SLATE! good god thats even before my time :lol2:

making me feel all dewy eyed and nostalgic though looking at those frames anything that remotely held water was an excuse to add more fish.

YouTube - barbs barbs everywhere !

above is a link to a tank i had with large unusual barbs in maybe not your cup of tea but you and mike may still be interested.


----------



## mike515 (Sep 12, 2006)

woah thats quite the population of barbs.

Did I spot a few leptobarbus hoevenii in there?


----------



## Graylord (Jul 17, 2007)

mike515 said:


> woah thats quite the population of barbs.
> 
> Did I spot a few leptobarbus hoevenii in there?


No Leptobarbus but a few neollissachilus and tor species as well as some uncommom labeo species Rohita and Calbasu i think they were.

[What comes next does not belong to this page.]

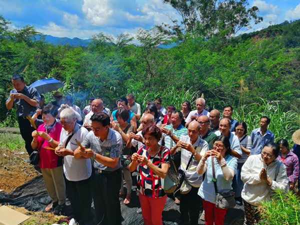 2019年6月29日,在那個氣溫高達34度的日子里,臺灣宜蘭張氏宗親一行30人在福州臺商張傳來、上海臺商張明正的倡議和帶領下,來到詔安秀篆北坑村尋根謁祖。張傳來第一次來到詔安尋根是在十多年前。當初只拿著兩張族譜的復印件,說祖籍是詔安,族譜標明一世祖祖墓的墓碑名字和墓的座向。我多次前往秀篆尋找張氏族譜對接,終于幫助張先生找到了張氏一世祖祖墓。張先生聽到這個好消息,便興高采烈的再一次來到詔安,來到祖墓前祭拜。此后的每個清明,張先生都會帶著家人來到詔安祭祖。一年又一年,聽聞這個消息的張氏宗親越來越多,尋根的隊伍不斷壯大,在這一年更是達到了30人之多。越來越多的臺灣宗親認識到他們的根在大陸,感受到兩岸血脈相連的親情。

They only ones i`ve still got from that tank are three Puntioplites .

(And some Gymnocorymbus Thayeri tetras)how they survived in there i don`t know.

As you can gather i`m well into my asian cyprinids.

Have you ever kept hogoboomorum by the way?


----------



## xyra (Apr 26, 2007)

The slate tanks are quite special. The toadfish is in one - you can see the slate under it in the pic I posted earlier (there's only a tiny amount of gravel in there)

That's quite an incredible amount of activity! What size was the tank? Haven't got any barbs at the moment, but am feeling the need now 

Were they all over the tank, or all up close as you were there and they thought food was coming?

What's the little catfish in the middle bottom at 33seconds in?


----------



## Graylord (Jul 17, 2007)

xyra said:


> The slate tanks are quite special. The toadfish is in one - you can see the slate under it in the pic I posted earlier (there's only a tiny amount of gravel in there)
> 
> That's quite an incredible amount of activity! What size was the tank? Haven't got any barbs at the moment, but am feeling the need now
> 
> ...


the tank wa 76 x 18 wide 15 high thats inches of course:lol2:

the catfish was some kind of mystus probably part of the wolfii group .

it was heavily stocked but the good thing about barbs is they are not territorial in the main and just weave in and out of each other.

most of them finished up with Richard up at wharf last december as i was then developing my interest in snakes.


----------



## xyra (Apr 26, 2007)

Nice size for that. Tropical barb's don't produce that much waste in comparison to many other fish of a similar size do they (can't remember where I read that origonally)?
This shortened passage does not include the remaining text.